HNSW tuning: HNSW (Hierarchical Navigable Small World — a layered proximity graph; see Malkov & Yashunin, 2018, implemented in hnswlib, FAISS's IndexHNSWFlat, and most vector DBs) exposes three knobs: M (graph fan-out), efConstruction (build-time candidate width), efSearch (query-time candidate width). Pragmatic defaults: M=16–32, efConstruction=150, efSearch starting at 100 and tuned upward until recall plateaus. A 10M-vector dataset with efSearch=500 might hit 98% recall at 5ms; efSearch=100 drops to 85% at 1ms. Pick the recall point your evaluation set demands.
IVF tuning: IVF (Inverted File index — partition vectors with k-means into nlist cells, then at query time scan the nprobe nearest cells; see FAISS's IndexIVFFlat and IndexIVFPQ). Use nlist ≈ √N as a starting heuristic and tune nprobe at runtime. IVF generally handles filtered search more efficiently than HNSW, which matters for ontology-grounded systems with lots of metadata predicates.
Update freshness lag: time from doc commit to retrievability. Track p50 and p99. For systems with regulatory requirements, also track the percent of queries served against stale indexes.

Part 4 — Online Inference Evaluation

The online lane is where most production metrics live. Many teams stop at Recall@k. That is not enough.

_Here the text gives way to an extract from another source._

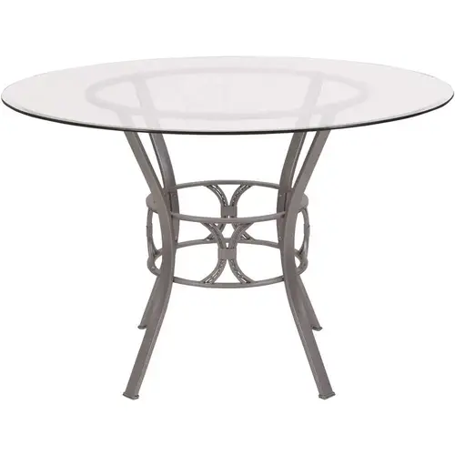 Building the perfect dining room is easier when you have a great foundation. Starting with an exquisite ornamental pedestal base this 45" glass topped dining table is off to a phenomenal start. Crowned by a round, thick glass top with beveled edges that shimmer in the light, this striking table will add an elegant aspect to your dining room or kitchen. On the practical side, floors are protected with floor glides in case of accidental movement or rearrangement. Gather family and friends to enjoy great meals around this dazzling table.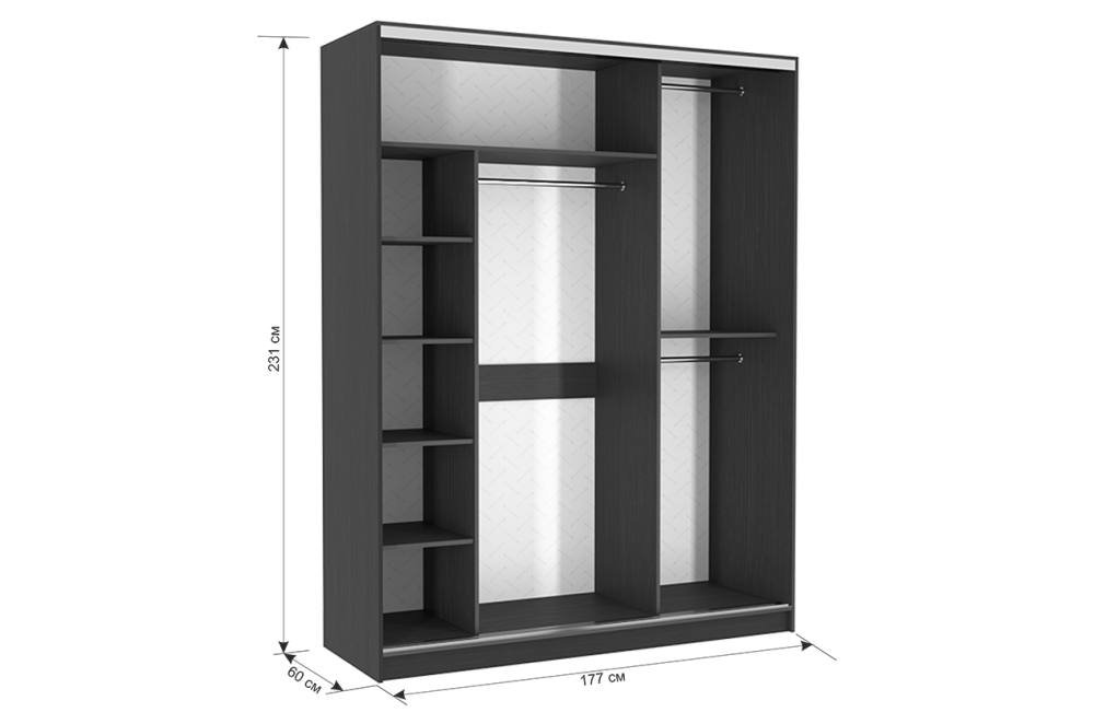 Состоит из: 2-х отделений со штангами для одежды, полок, верхних отделений для крупногабаритных вещей.

Query understanding and rewriting

Query expansion quality: Recall@k uplift on your golden set, expanded query vs. raw. If it's not at least +5% on hard queries, your expander is hurting more than helping. Classical PRF (pseudo-relevance feedback) baselines like RM3 and Bo1 are still useful sanity checks; LLM-based expansion needs to beat them.
HyDE evaluation: HyDE (Gao et al., 2022) generates a hypothetical answer with the LLM, embeds it, and retrieves against that — a useful tool that adds latency and a hallucination surface. Evaluate by Recall@10 uplift on out-of-domain queries (where it shines) and confirm there is no degradation on in-domain queries (where it can hurt). Use as a fallback when retrieval confidence is low, not as a default. Anchor with a cross-encoder reranker downstream to validate hypothetical-driven retrievals.
Multi-query generation: Recall@k union of N rewrites vs. single query. Diminishing returns past 3–4 rewrites. Implementations: LangChain's MultiQueryRetriever, LlamaIndex's QueryFusionRetriever.
Intent classification accuracy: standard precision/recall/F1 per intent (compute with sklearn.metrics.classification_report), but the operative metric is routing correctness — does the right downstream pipeline get invoked?
Adaptive routing: Adaptive-RAG (Jeong et al., NAACL 2024) makes the case that not every query deserves the same retrieval strategy. Track router accuracy as a classification problem against a labeled set of "needs no retrieval / one-shot / iterative."

Retrieval metrics

These are the baseline metrics. If you do not track them, you cannot tell whether retrieval is improving.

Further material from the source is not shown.